You can preview and/or download the images from 🤗 Hugging Face - tv-logo.
- images with logo in folder
'images/logo'
have pattern:'i-j-k.jpg'
- images without logo in folder
'images/clean'
have pattern:'i-j.jpg'
- Note: one clean image is having multiple corresponding logo images
Paths to images are firstly divided into train and validation sets (70/30)
# get lists of paths to corresponding images (split 70/30)
train_logo_paths, val_logo_paths, train_clean_paths, val_clean_paths = get_paths()
Argument patches
in Dataset
class can define whether the images are divided into patches or not.
train_dataset = Dataset(train_logo_paths, train_clean_paths, patches = True)
When called, each pair of images logo
, clean
is normalized and returned as tensor (when patches = True
, list of tensors is returned and the length of the list represents number of patches for each image)
Run dataset.py
to load first iteration of dataloader and visualize the logo
and clean
images as well as to understand how the batch size and the number of patches change the dimension of returned tensors.
> Size of training set: 3138
> Size of validation set: 1345
> Size of logos after concatenation: torch.Size([100, 3, 256, 256])
> Number of patches for each image: 10
> Batch size: 10
Consists of:
- generator
- discriminator
U-net structure with 7 down-sampling convolutional layers (encoder), bottleneck and 7 up-sampling (decoder) transposed-convolutional layers with relu activation function followed by final convolution layer with tanh activation function.
Dimensions after each layer can be seen below (where 20 represents the batch size):
Original: torch.Size([20, 3, 256, 256])
D1: torch.Size([20, 64, 128, 128])
D2: torch.Size([20, 128, 64, 64])
D3: torch.Size([20, 256, 32, 32])
D4: torch.Size([20, 512, 16, 16])
D5: torch.Size([20, 512, 8, 8])
D6: torch.Size([20, 512, 4, 4])
D7: torch.Size([20, 512, 2, 2])
B: torch.Size([20, 512, 1, 1])
U1: torch.Size([20, 512, 2, 2])
U2: torch.Size([20, 512, 4, 4])
U3: torch.Size([20, 512, 8, 8])
U4: torch.Size([20, 512, 16, 16])
U5: torch.Size([20, 256, 32, 32])
U6: torch.Size([20, 128, 64, 64])
U7: torch.Size([20, 64, 128, 128])
Out: torch.Size([20, 3, 256, 256])
Basic CNN with 4 convolutional layers with batch normalization and leaky relu activation function followed by final convolutional layer with a sigmoid activation function.

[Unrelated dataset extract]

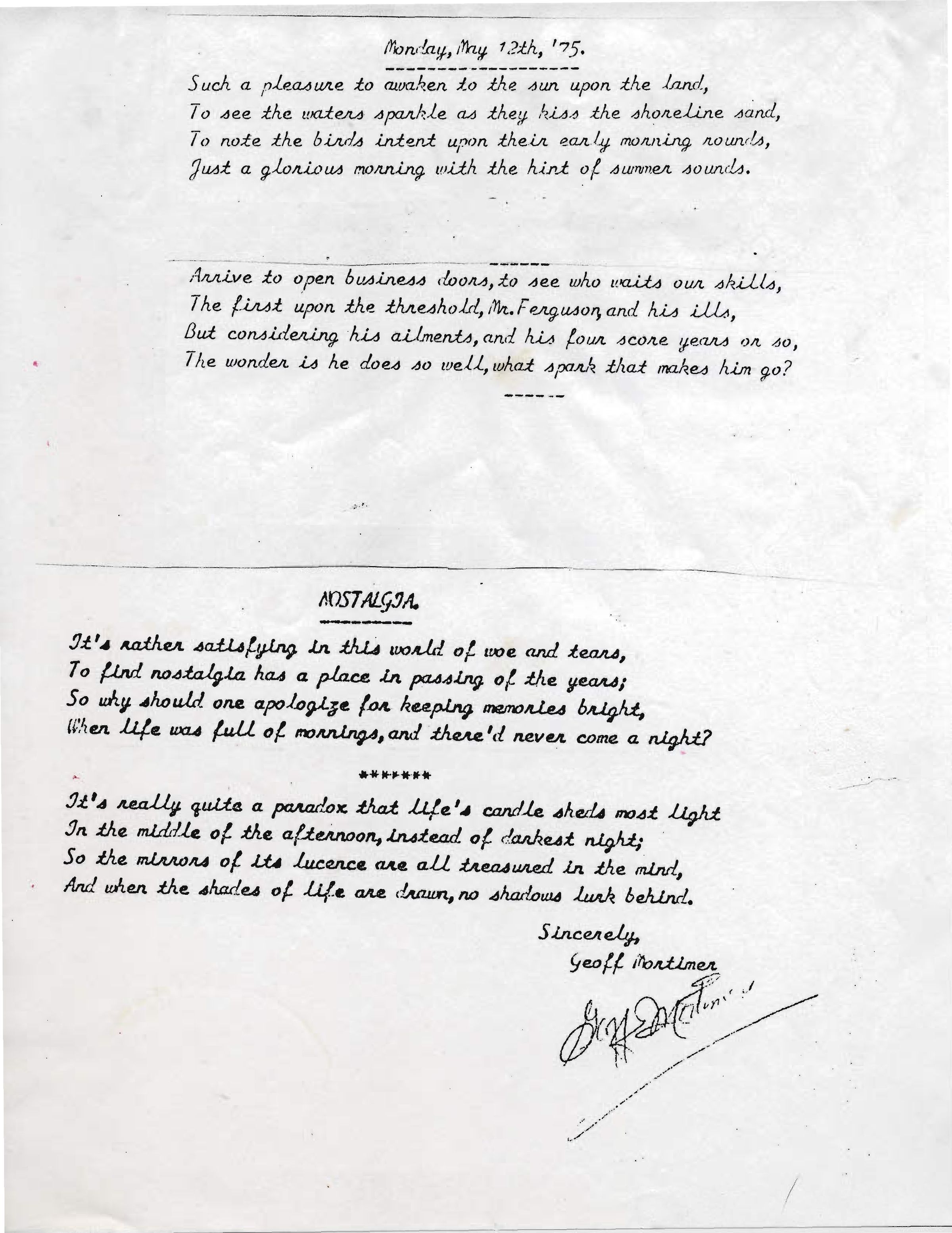 Geoff Mortimer poems. Gift to John Ferguson, father of Audrey Jenkins. Contact DCHS office for full pdf copy
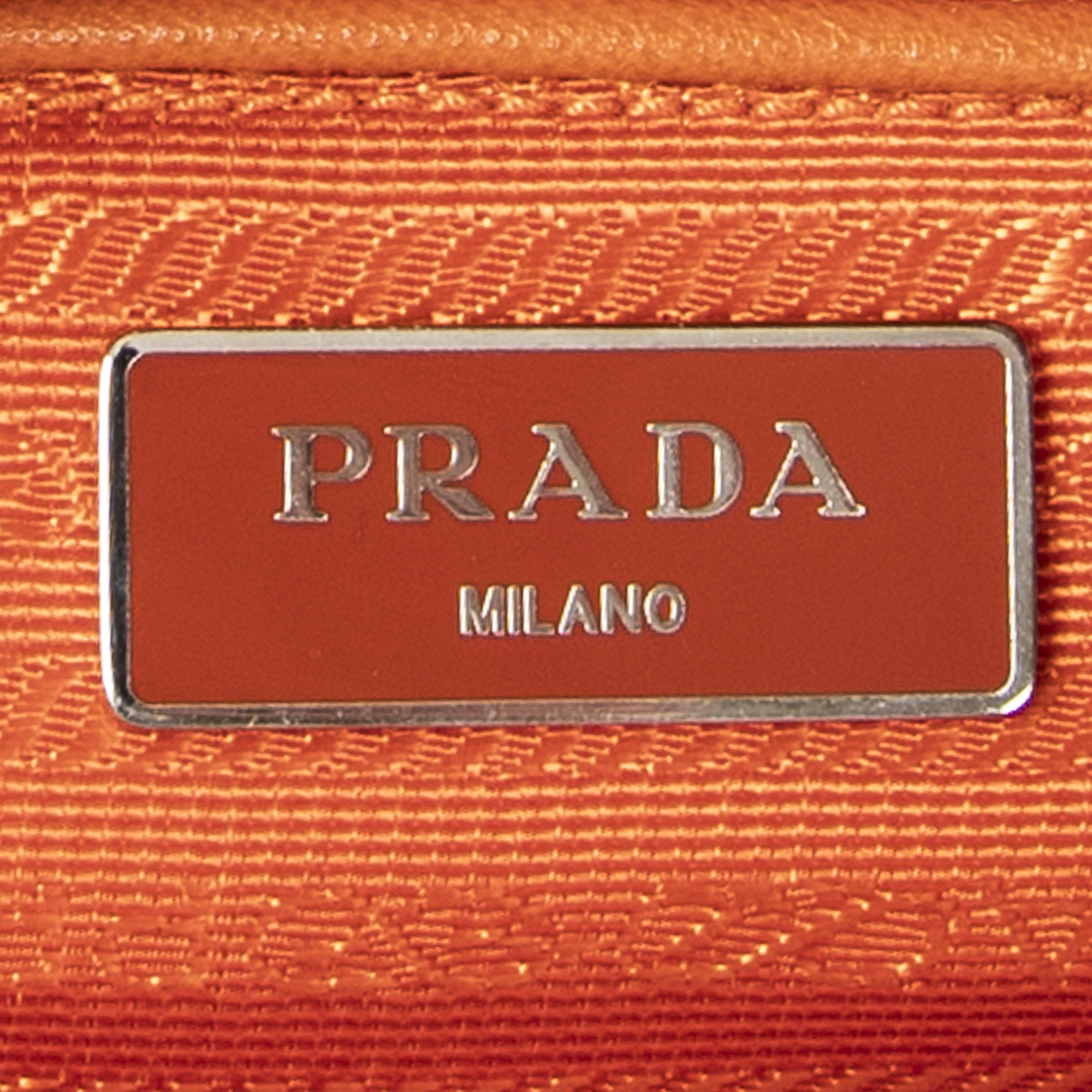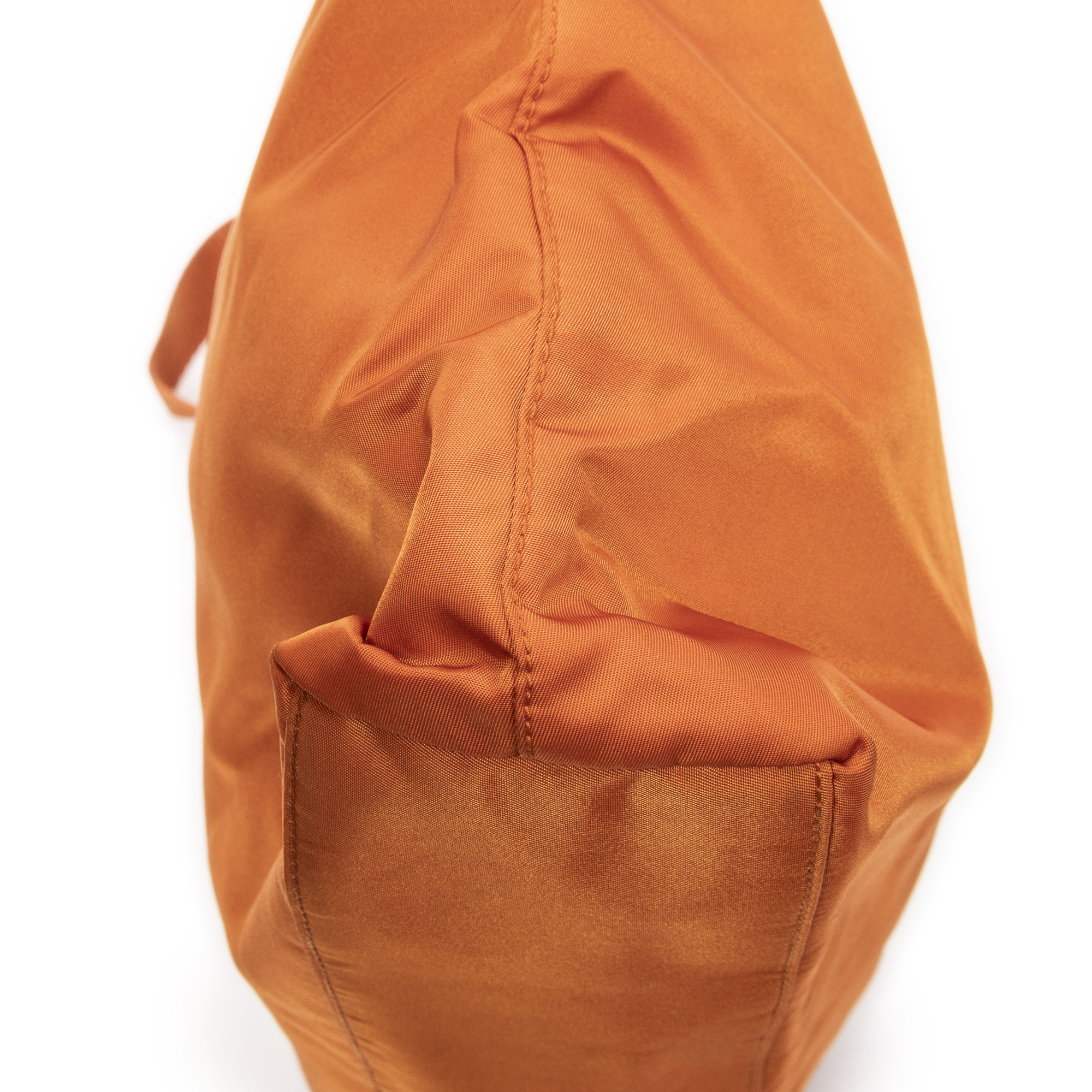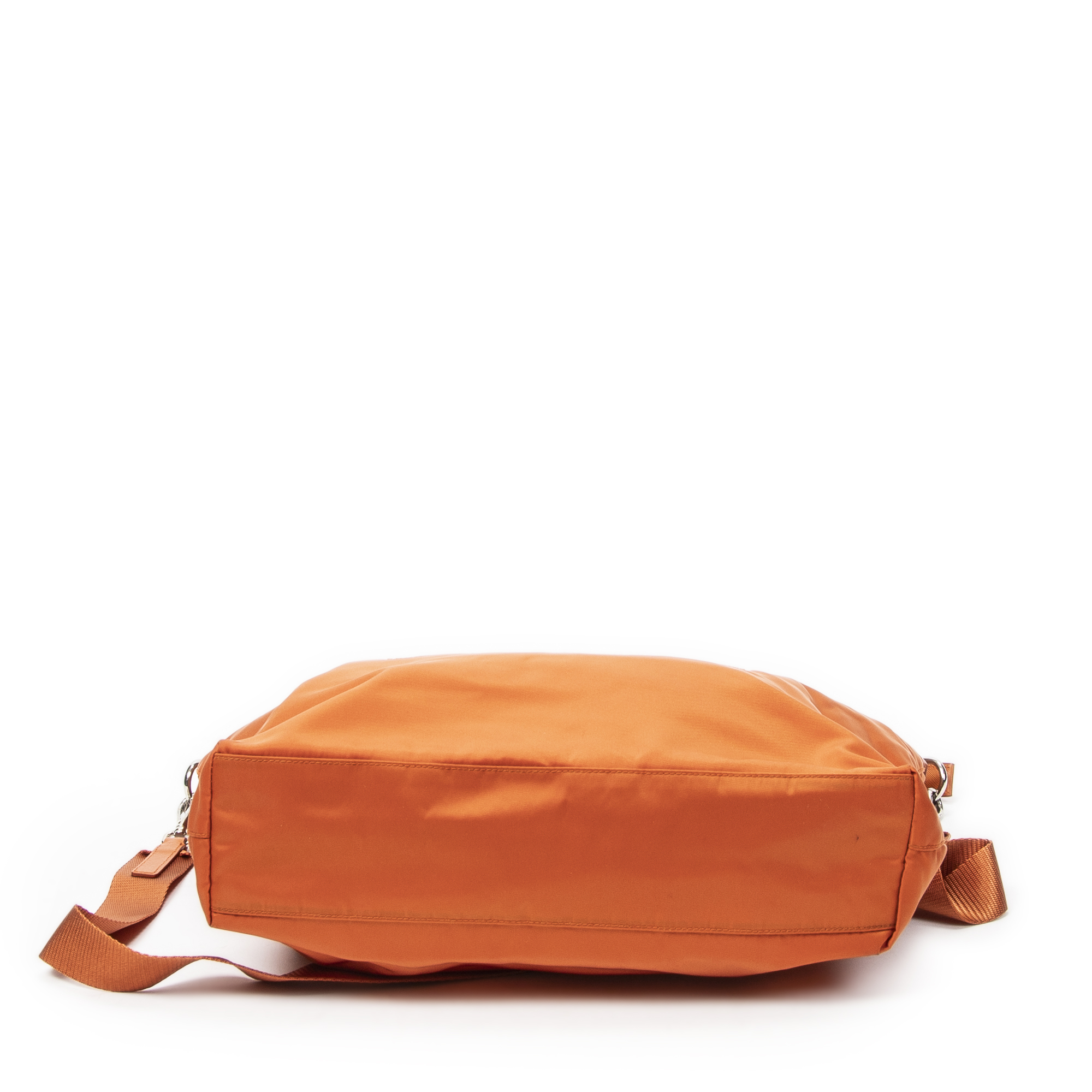 Prada Shoulder Bag Large Convertible Vertical Tote in Orange Nylon Canvas and Silver hardware. The product is in Excellent Condition (A).

Dimensions after each layer can be seen below (where 20 represents the batch size):
Original: torch.Size([20, 3, 256, 256])
Conv1: torch.Size([20, 64, 128, 128])
Conv2: torch.Size([20, 128, 64, 64])
Conv3: torch.Size([20, 256, 32, 32])
Conv4: torch.Size([20, 512, 16, 16])
Conv5: torch.Size([20, 1, 13, 13])
Out: torch.Size([20, 1])
Run model.py
to perform one forward operations of both models and visualize input and output of the generator net.
> Batch size: 3
> Number of patches for each image: 10
> Logos size: torch.Size([30, 3, 256, 256])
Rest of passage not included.